Kollaborate: Getting best results from AI transcription

Our speech models are currently optimized for specific use-cases and may not fit all of the situations our customers use Kollaborate for. We plan to train the models to fit a wider range of situations over time, using both our own data and data provided by customers.

You will get the best results from audio with the following characteristics:

  • Minimal background noise
  • No music
  • The speaker is using English words in common usage (no complex technical or scientific terms)
  • The speaker's mouth is close to the microphone
  • The speaker is a native English speaker
  • Dialogue is spoken conversationally (not shouted, whispered or overly dramatic)

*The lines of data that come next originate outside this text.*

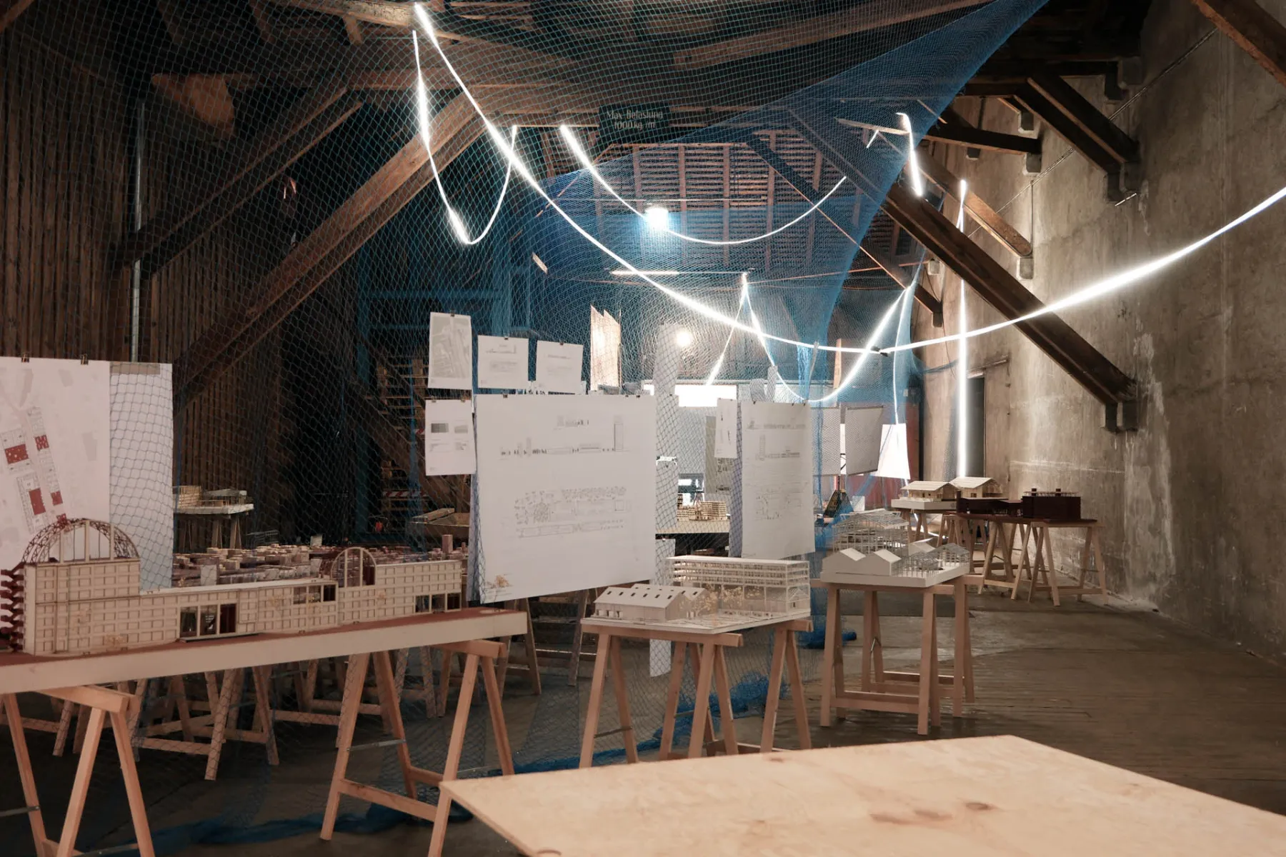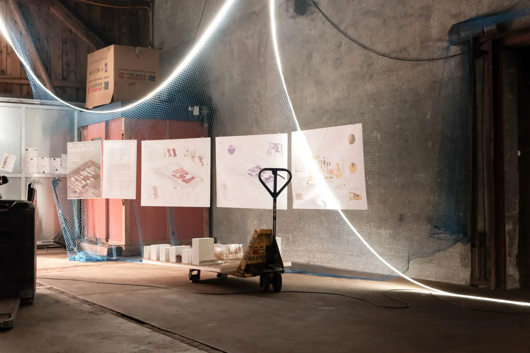 In October 2025, the projects were presented in the exhibition «Gleisraum Buchs» in a hall of the former customs warehouse in Buchs. Plans, models and scenarios documented the students’ different approaches to the future development of the site.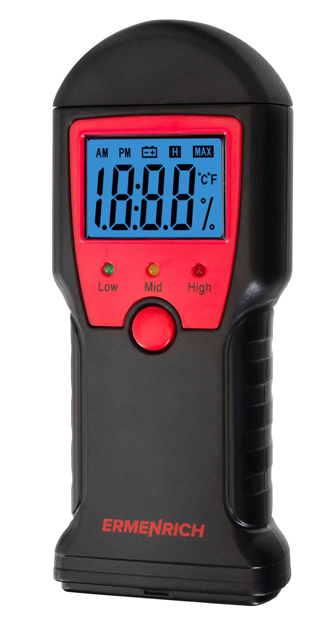 Ermenrich Wett MW10 to wilgotnościomierz oporowy służący do mierzenia wilgotności drewna, mieszanek budowlanych i zapraw murarskich. Urządzenie może również mierzyć temperaturę w stopniach Celsjusza i Fahrenheita. Proste sterowanie jednym przyciskiem. Wartości pomiarów są wyświetlane na wbudowanym ekranie w postaci dużych cyfr na jasnoniebieskim podświetleniu. Pod ekranem umieszczono trzy wskaźniki LED, które informują o ogólnej ocenie wilgotności materiału: zielony oznacza niski poziom wilgotności, żółty to poziom podwyższony, a czerwony oznacza poziom wysoki.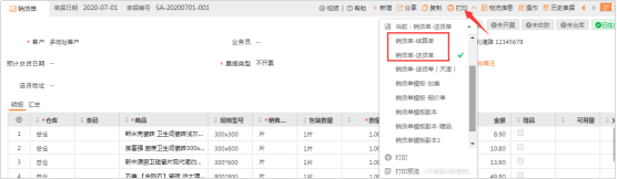 业务人员正常开单,比如在门店用电脑开单,在客户那边手机开单。开完单后选择仓库的打印机及送货单模板打印,能解决仓库看不清字,没型号,送货地址等问题,同时仓库还不用重新手写送货单据。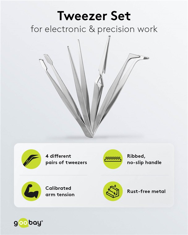 - Werkzeug-Set aus 4 unterschiedlich geformten, handlichen Pinzetten für Präzisionsarbeiten im Modellbau und Schmuckhandwerk, in der Elektronik und Philatelie

This means that our system currently works best when transcribing content like podcasts and voiceovers.

If your audio doesn't meet all of these characteristics, that doesn't mean it can't be transcribed, it just means that our system may make more mistakes when transcribing.

The best way you can improve the results of the transcription engine is to correct any mistakes and then click the Learn button. You are given the option of submitting the entire file (correct transcriptions are still useful for the model) or just the sentences you corrected. Kollaborate then splits up the file into small audio clips for each sentence, along with the transcript provided, and those clips will then be used within the model to teach Kollaborate what the correct transcription should be for similar audio.

Your privacy is respected during this process. No video is stored, only audio, and each sentence is given a random filename so it would be difficult for anyone to piece back each sentence into its original order. We don't share your original audio data with anyone and once it's inside the model it can't be extracted out again as recognizable audio.